### REQUIRED ACTION:
Leaving the pictures aside, return the listing exactly as it appears.

### DATASET SECTION:

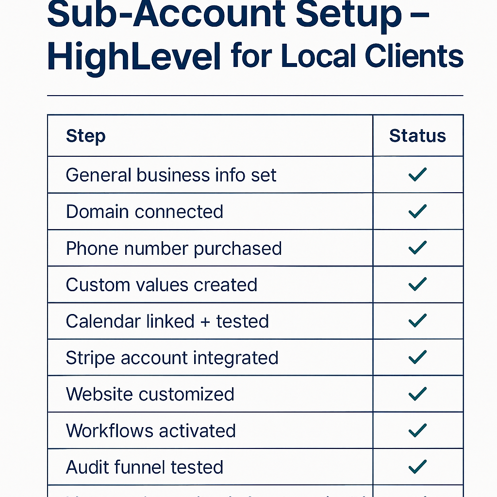 🧾 Sub-Account Setup Checklist
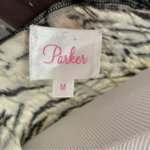Add a touch of wild to your wardrobe with this stunning Parker Gray Animal Print Beaded Long Sleeve Silk Sheer Top. The V-neckline and drawstring closure add a touch of elegance to this blouse, making it perfect for any occasion, whether it's a party, cocktail event, business meeting, or casual outing. The long sleeves and sheer material make it perfect for any season, whether it's winter, summer, fall, or spring. The colorful animal print and beaded accents make this top a true designer piece. Made from high-quality chiffon fabric, this top is both comfortable and luxurious. Available in size medium, this top is a must-have for any fashion-forward woman.
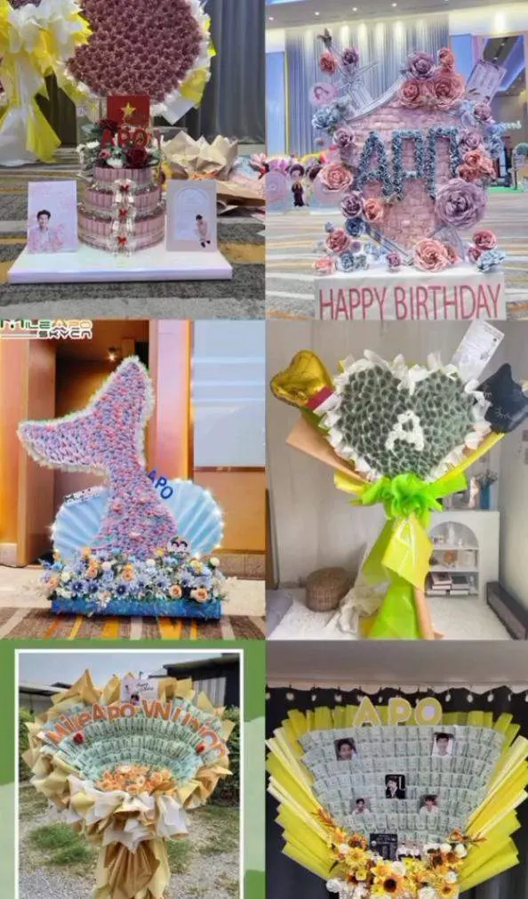 งานวันเกิดอาโป ดารานักแสดง แฟนคลับจัดให้แบบจัดเต็ม ของขวัญทุกชิ้นที่เห็นเป็นธนบัตรทั้งหมด รวมถึงทองคำแท้ มูลค่ารวมกว่า 8 หลัก!!! รวมทุกโปรเจ็คน่าจะประมาณ 50 ล้านบาท!!!!!!

### OUTPUT OF THE TASK:
 🧾 Sub-Account Setup Checklist
Add a touch of wild to your wardrobe with this stunning Parker Gray Animal Print Beaded Long Sleeve Silk Sheer Top. The V-neckline and drawstring closure add a touch of elegance to this blouse, making it perfect for any occasion, whether it's a party, cocktail event, business meeting, or casual outing. The long sleeves and sheer material make it perfect for any season, whether it's winter, summer, fall, or spring. The colorful animal print and beaded accents make this top a true designer piece. Made from high-quality chiffon fabric, this top is both comfortable and luxurious. Available in size medium, this top is a must-have for any fashion-forward woman.
 งานวันเกิดอาโป ดารานักแสดง แฟนคลับจัดให้แบบจัดเต็ม ของขวัญทุกชิ้นที่เห็นเป็นธนบัตรทั้งหมด รวมถึงทองคำแท้ มูลค่ารวมกว่า 8 หลัก!!! รวมทุกโปรเจ็คน่าจะประมาณ 50 ล้านบาท!!!!!!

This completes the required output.